Azure OpenAI Serviceを用いたLLM導入のはじめ方
はじめに
近年、ChatGPTやGPT-4に代表される大規模言語モデル(LLM:Large Language Models)が、企業内での業務効率化や新規サービス開発に幅広く利用され始めています。これらのモデルは、自然言語での高度な質問応答、文章生成、要約、翻訳などを実現し、情報処理ワークフローを劇的に変革するポテンシャルを持っています。
Microsoft Azureでは、Azure OpenAI Serviceを通じてOpenAIの最先端モデル(GPT-3.5、GPT-4、Embeddingsモデルなど)をクラウド環境で利用可能にしています。本記事では、「これから自社でLLMを試してみたい」「PoC段階でAzure OpenAIを触り始めたい」というエンジニアやPoC推進担当者向けに、Azure OpenAI Serviceの基本的な導入手順と初歩的な利用方法をわかりやすく解説します。
本記事のゴール
- Azure OpenAI Serviceとは何か理解する
- Azure環境でOpenAIリソースを作成する手順を把握
- Python SDKを用いて簡単なサンプルコードでLLMへ問い合わせる流れを体験
ここで紹介するステップを踏めば、社内でのPoCに着手したり、アプリケーションにLLMを組み込むための基礎を習得できます。
Azure OpenAI Serviceとは
Azure OpenAI Serviceは、Microsoftが提供するクラウド上のAIモデル実行環境で、OpenAIの大規模言語モデル(GPT-3.5、GPT-4、GPT-4oなど)に安全かつスケーラブルにアクセスできます。主な特徴は以下の通りです。

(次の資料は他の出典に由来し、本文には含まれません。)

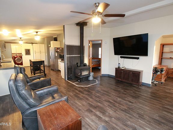 Nestled on a spacious .60-acre lot, this home has a newly remodeled kitchen, 3 bedrooms, 2 bathrooms, w/ the flexibility of converting the office space into a potential 4th bedroom. New metal roof. Custom chain link privacy fence surrounds the back lot. The highlight of the backyard is the 40X 40 garage w/ 16- foot walls & an RV door (12X8 Ft) to keep your RV out of the weather. Additionally, a 10X12 shed provides extra storage space, & an open back lot for more space, propane tank is owned. The inviting jacuzzi offering a perfect spot for relaxation & enjoying the beautiful sunsets in this area. Outdoor enthusiasts will revel in the location, w/ the USFS all around, offering trails for ATVs & exploration galore. The TV & mount, and rolling kitchen island, does not convey.
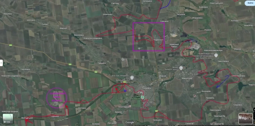 Западнее Покровска российские войска заняли новые позиции, фактически взяв город в полукольцо. Все ключевые дороги простреливаются, и возможности для выхода украинских сил становятся минимальными.
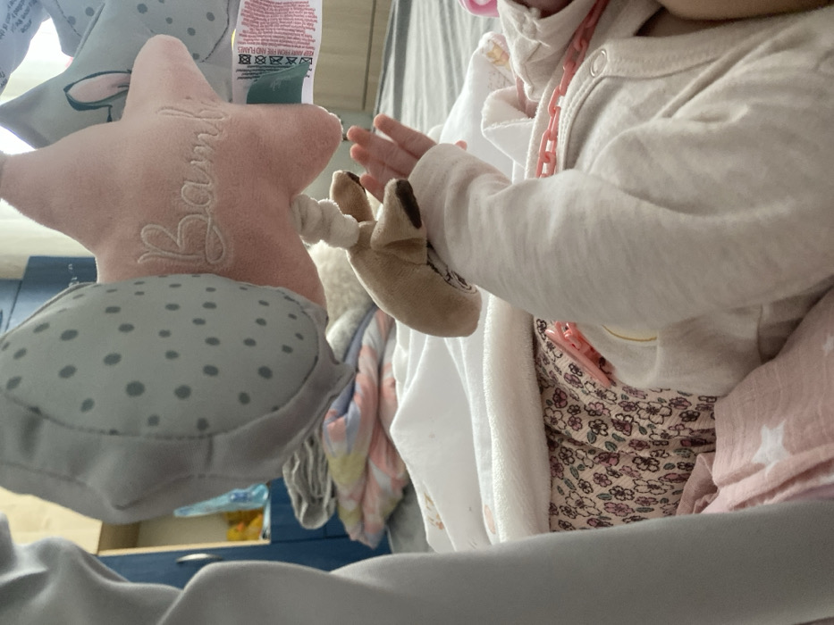 This image depicts an infant interacting with a baby mobile within an indoor domestic setting in the city of Blagoevgrad, Bulgaria. The upper torso and left arm of an infant are visible in the foreground, wearing a light beige or off-white long-sleeved onesie. The infant's left hand is reaching upwards, grasping or touching a small, light brown plush toy with dark brown hooves, which is suspended from a baby mobile. A pink pacifier, attached to a pink plastic chain, is clipped to the infant's clothing on the right side. The infant is lying on or covered by a white textured blanket, which rests over a floral-patterned fabric featuring pink, white, and brown flowers on a light background. Above the infant, the baby mobile displays several plush elements, including a grey polka-dotted crescent or cloud shape, and a pink star embroidered with the word 'Bambi' in white script. A white care tag with black symbols, including 'DO NOT IRON,' hangs from the mobile. In the blurred background, a stack of pastel-colored folded textiles (pink, blue, yellow, white) is visible on a surface, with a dark blue piece of furniture (possibly a cabinet or shelving unit) behind them.
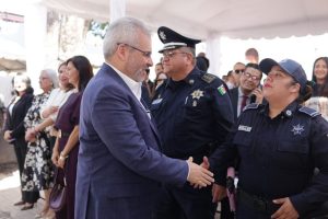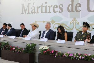 En este marco, el mandatario, acompañado de autoridades de los tres órdenes de gobierno, entregó la Presea Mártires de Uruapan a familiares del policía municipal, Vidal Brígido Guzmán, fallecido en cumplimiento de su deber; a la Secretaría de Seguridad Pública, Tránsito y Vialidad Municipal; y a los agentes locales heridos en cumplimiento de su deber, Daniela Arévalo, Yanuaria Rodríguez y Hugo Caro.
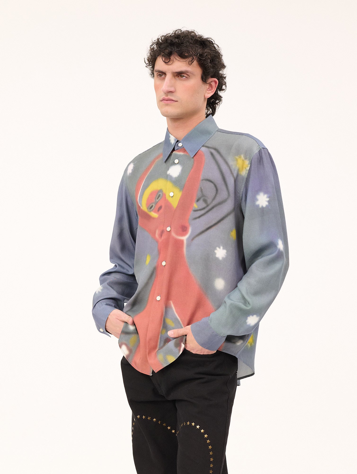 - Light-weight button-up Shirt in 100% tencel with an allover matte graphic print.
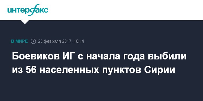 Москва. 23 февраля. INTERFAX.RU - В Сирии с начала 2017 года боевиков террористической группировки ИГИЛ (запрещена в РФ) выбили из 56 населенных пунктов, сообщили в Минобороны России.
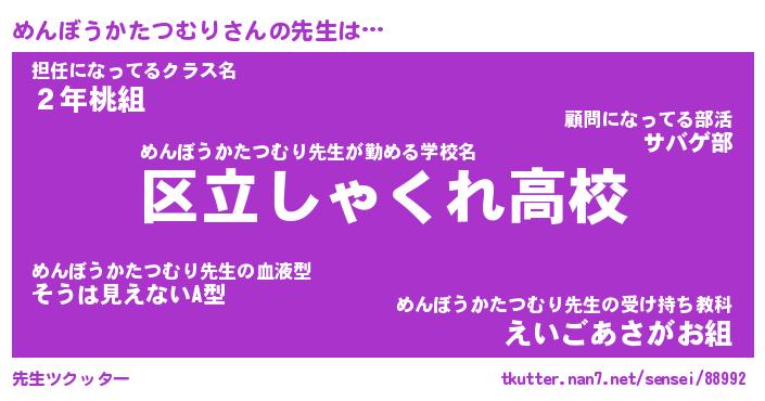 | ヘコむあだ名 | 『めんっふぃ~』『なまこ酢』 |
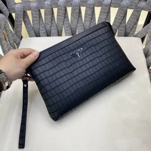 Prada Saffiano Leather Pouch Wallet Crocodile Black
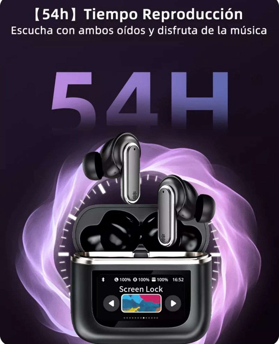 🔹 Pantalla táctil LCD a todo color en la caja de carga: controla música, llamadas y más con solo un toque.
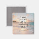 Inspirational quote scripture magnet depicts a beautiful ocean sunset with blue waves on a sandy beach. It features an encouraging Bible Verse Jeremiah 31:3, "I have loved you with an everlasting love." Photograph by Sean Oulashin.

- セキュアな企業利用:Azureの厳格なセキュリティ・コンプライアンス基準のもとでモデルを利用可能
- スケーラビリティ:Azure上で自動スケーリングや負荷分散が可能。
- エンタープライズ連携:Azure Cognitive ServicesやAzure Machine Learningとの統合、各種ストレージ・データサービスとの連携が容易。
- 最新モデルアクセス:GPT-4や埋め込みモデルなど、OpenAI最新技術の迅速な利用が可能。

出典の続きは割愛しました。